Jl is a metal cylinder containing a central conductor 9 leading to the exterior, e.g. an outdoor bushing, these cylinders being conductively connected to each other by a flexible conductor 4 to form one container section ing. A grounding net 13 is buried in the ground where the gas insulated switchgear is installed, the metal cylinder 2 is directly connected to this earthing net at point E, and the metal cylinder 3 is connected to the capacitor C2 at point 82.
The trench metal cylinder 11 is connected to the ground network at 81 points via a capacitor C3. By connecting in this way, the sheath surge voltage can be reduced in accordance with the principle described above, and the induced current that heats the metal cylinder of the container section can be suppressed.

In this embodiment, one end of the container section is directly grounded, but the point of direct grounding may be located anywhere within the container section. Also, if the spacing between the multiple grounding points including this directly grounded point is appropriate to reduce the sheath surge 'flf pressure, it is not necessarily necessary to ground all the metal cylinders of the container section, and When each metal cylinder is longer than the appropriate grounding point spacing, it becomes necessary to provide multiple grounding points on one metal cylinder.

〔Effect of the invention〕

As described above, by directly grounding one point in each container section constituting the hermetic container of the gas-insulated switchgear, and by grounding at least one point different from the direct grounding point via a capacitor, the sheath - This reduces electric shock to operators and prevents insulation breakdown between the operating box of equipment such as a disconnector, which is at the same potential as the container, and the low-voltage control wiring inside. Furthermore, since the induced current circulating between the container section and the ground point is suppressed, heat generation in the metal cylinder of the container section can be avoided.

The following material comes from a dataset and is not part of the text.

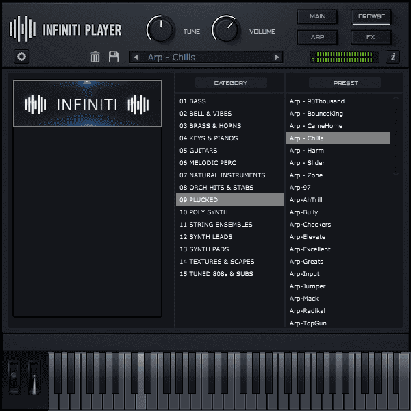 The Chord Section allows you to play any major, minor or diminished chord type. Music theory can some times be a challenge so we added controls to add a 7th, 9th or 11th to your chord structure. Infiniti Player has an advanced arpeggiator. With the first ever 3x up, up down & down up arp types. The library rack allows you to browse between & organize expansion packs. What makes Infiniti also stand out from the rest is its 3D animation library system. Each sound library contains a unique animation clip. So there is always something visually moving or lighting up when notes are being triggered. 500+ presets + expansion packs….. gives users an infinite amount of sound possibilities.

[Brief explanation of drawings]

Fig. 1 is an explanatory diagram showing the generation of bending frequency induced current in an example of a conventional multi-point grounded container section, Fig. 2 is an equivalent circuit to explain the generation mechanism of sheath surge voltage, and Fig. 3 is an explanatory diagram of the present invention. FIG. 2 is an explanatory diagram showing one embodiment of the invention. 2.3.11... Metal cylinder, 4... Flexible conductor, 1゜12... Container division, C,, C,... Capacitor, E
I...direct grounding point, B2. B3...Grounding point grounded via a capacitor. r-person 111, (CI) (b) (c) Figure 1

Claims (1)

[Claims] It is characterized in that only one point in the container section, which is made up of metal cylinders that have built-in main conductive parts and are electrically conductively coupled to each other, is directly grounded, and at least one point different from the grounding point is grounded via a capacitor. Gas insulated switchgear.